--- Source material Enclosed Below ---
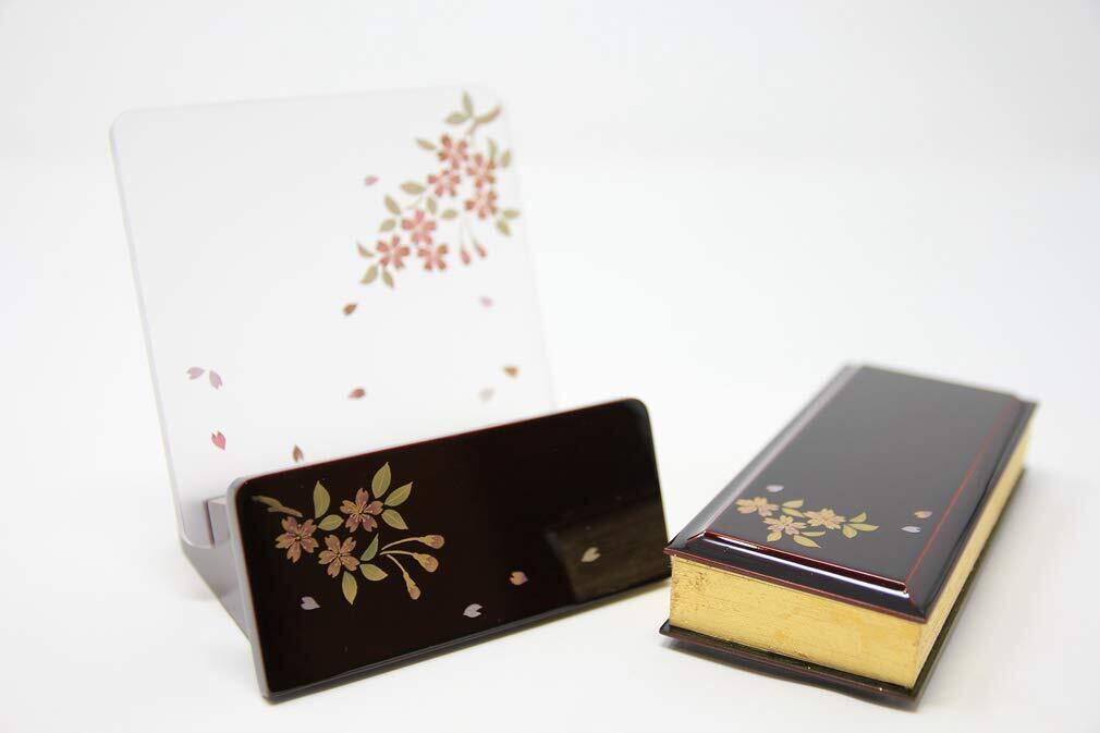 松山神仏具店 過去帳 見台(過去帳台)セット 風雅 4.0寸 会津塗 会津蒔絵 モダン 漆 桜
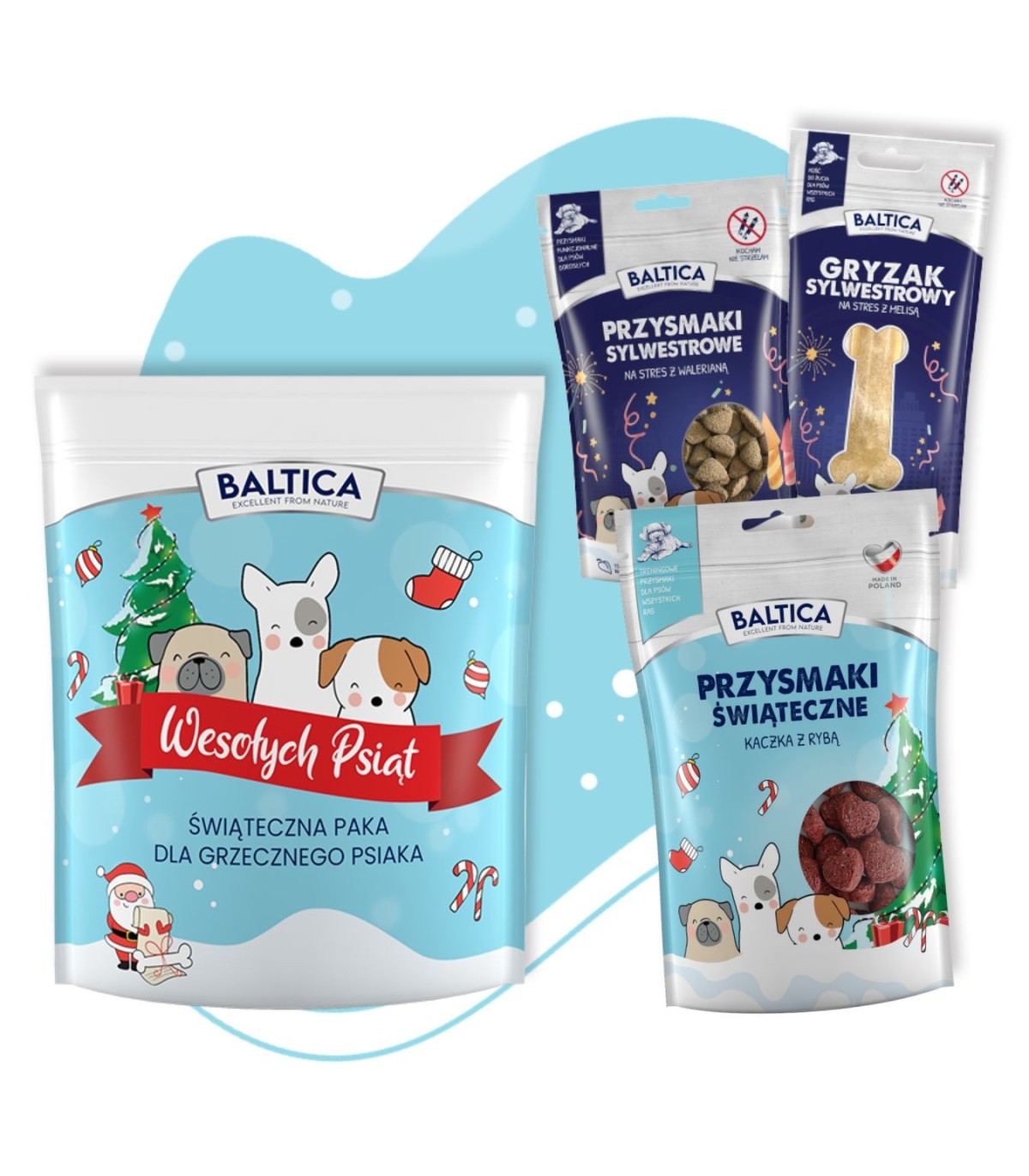 Święta to prezentów czas, nie zapomnij o milusińskich! Podaruj swojemu psiakowi świąteczny zestaw zawierający Przysmaki Sylwestrowe na stres, jedną kość na stres, doskonałą na podanie podczas Sylwestrowej nocy oraz przysmaki z kaczką i rybą w świątecznym opakowaniu.
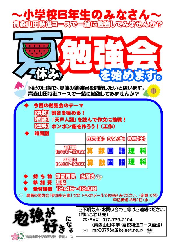 小学校6年生を対象に夏休み勉強会を実施します!!
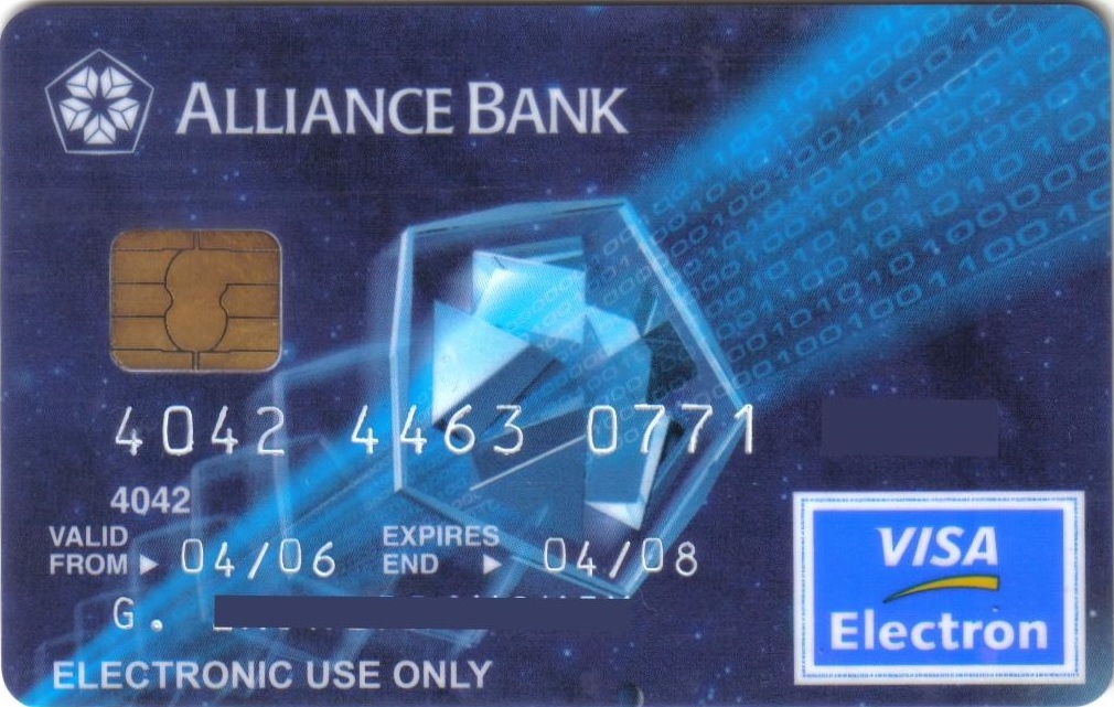 Год выпуска: 2006 МПС: VISA Уровень: Electron Описание: AXALTO SP, S.A. CO113163-E-05-06 ID №: 0000539
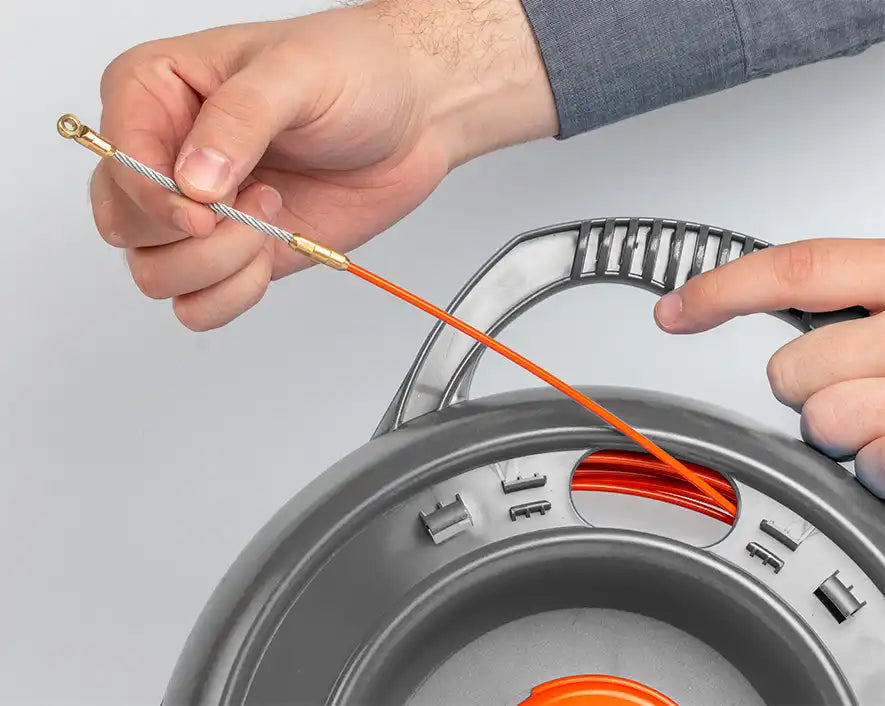 - Ultra-smooth pay out and furling of fish tape using the built-in reel handle
--- End of Enclosed Source material ---
Work instructions
Excluding pictures, copy exactly the lines from the line containing "Święta to prezentów" through the last line of the data, inclusive.

Task answer
 Święta to prezentów czas, nie zapomnij o milusińskich! Podaruj swojemu psiakowi świąteczny zestaw zawierający Przysmaki Sylwestrowe na stres, jedną kość na stres, doskonałą na podanie podczas Sylwestrowej nocy oraz przysmaki z kaczką i rybą w świątecznym opakowaniu.
 小学校6年生を対象に夏休み勉強会を実施します!!
 Год выпуска: 2006 МПС: VISA Уровень: Electron Описание: AXALTO SP, S.A. CO113163-E-05-06 ID №: 0000539
 - Ultra-smooth pay out and furling of fish tape using the built-in reel handle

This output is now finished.